According to WHO, the patient aged 5 or more and develops severe dehydration or watery diarrhea or vomiting in the cholera epidemic area should suspect infection.[37] The majority of patients may be treated for dehydration. Antibiotic therapy for 3–5 days will suffice. The single dose of tetracycline, doxycycline, or ciprofloxacin has been shown effective in reducing duration and volume of diarrhea.[38] Cholera vaccine first developed in 1980 as an injectable, later as oral form. Injectable vaccines are effective in cholera endemic areas.[39],[40],[41],[42],[43] It offers protection up to 2 years after single-dose administration. In addition, 3–4 years with annual booster dose, this will reduce 50% of the risk of death. Because of low efficacy and severe adverse reactions, the WHO never recommended the use of this vaccine, accept some specific epidemiological sequences like Kumbhmela.[44]

Currently, whole-cell-cholera toxin recombinant B subunit vaccine and bivalent killed whole-cell vaccine are available with trade names Dukoral, Shanchol, and Morcvax.[37] In the global scenario, the WHO recommends available cholera vaccine can be considered at risk areas for outbreaks and should be utilized as compliments to traditional control and preventive measures.[38],[39] Vietnam has incorporated cholera vaccine in public health program. However, an oral cholera vaccine does not provide 100% immunity from disease.

 Present Status of Vaccines

Dukoral™ approved for the age group of more than 2 years (2–6 years); administered in three doses 1–6 weeks apart; and two doses for the age group of more than 6 years, 1–6 weeks apart. Each dose of vaccine should be administered in 150 ml of water. The protection starts approximately 1 week after ingestion of the second dose and gives protection of 85%–90% at 6 months. However, Dukoral should be stored 2°–8° and will be stable for 1 month at 37°. The volume of a single dose is 15 times the volume of other vaccine.[43],[44]

Shancol™ is the second type of vaccine licensed in India in 2009; it is administered in two doses between a minimum of 1 and maximum of 6 weeks apart.
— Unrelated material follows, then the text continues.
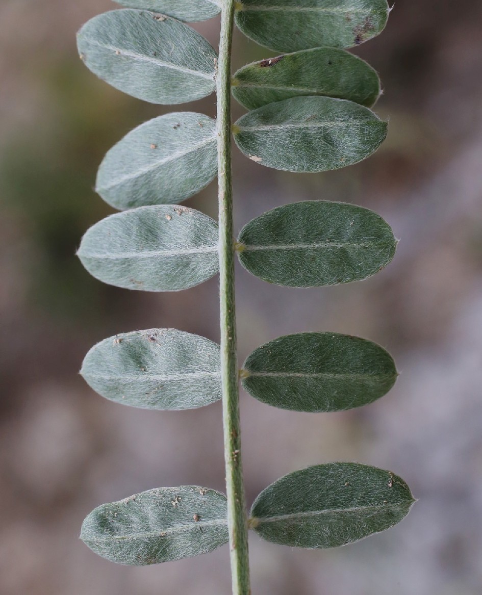 Früchte 8 - 10 mm lang, dicht langhaarig Stängel dicht filzig- langhaarig, Blätter unpaarig gefiedert, mit 9 - 12 Fiederpaaren, Nebenblätter frei oder bis zur Mitte verwachsen

In the Indian scenario, drinking water sanitation is an important cornerstone to improve the situation.[40] Two-dose product should be immunized cost effectively for the target population, for example, Kumbh Mela pilgrims. The cost involved with Shancol is approximately Rs. 12 whereas Dukoral is Rs. 300–600.[43],[44]


Dengue is an important arthropod-borne viral disease. Around 40% of population in the world is at risk of dengue transmission. It is endemic in at least 100 countries.[45],[46],[47],[48] The WHO estimates 50–100 million infections, including 5 lakh dengue hemorrhagic fever and 22,000 deaths happen among children. Dengue fever is caused by four viral serotypes, den V1–V2.[47] Dengue is transmitted by vector mosquitos Aedes aegypti, and Aedes albopictus. Symptoms will begin 3–7 days after the bite and last for typically 3–10 days. The transmission occurs if mosquito fed with an infected person during a 5-day period of viremia.[46] Sometimes, the patient may not be symptomatic but can infect mosquito after entry into the blood meal.[48] It requires 8–10 days for transmission to another host.[49] In rare cases, it can be transmitted by organ transplant or blood transfusion and vertical transmission.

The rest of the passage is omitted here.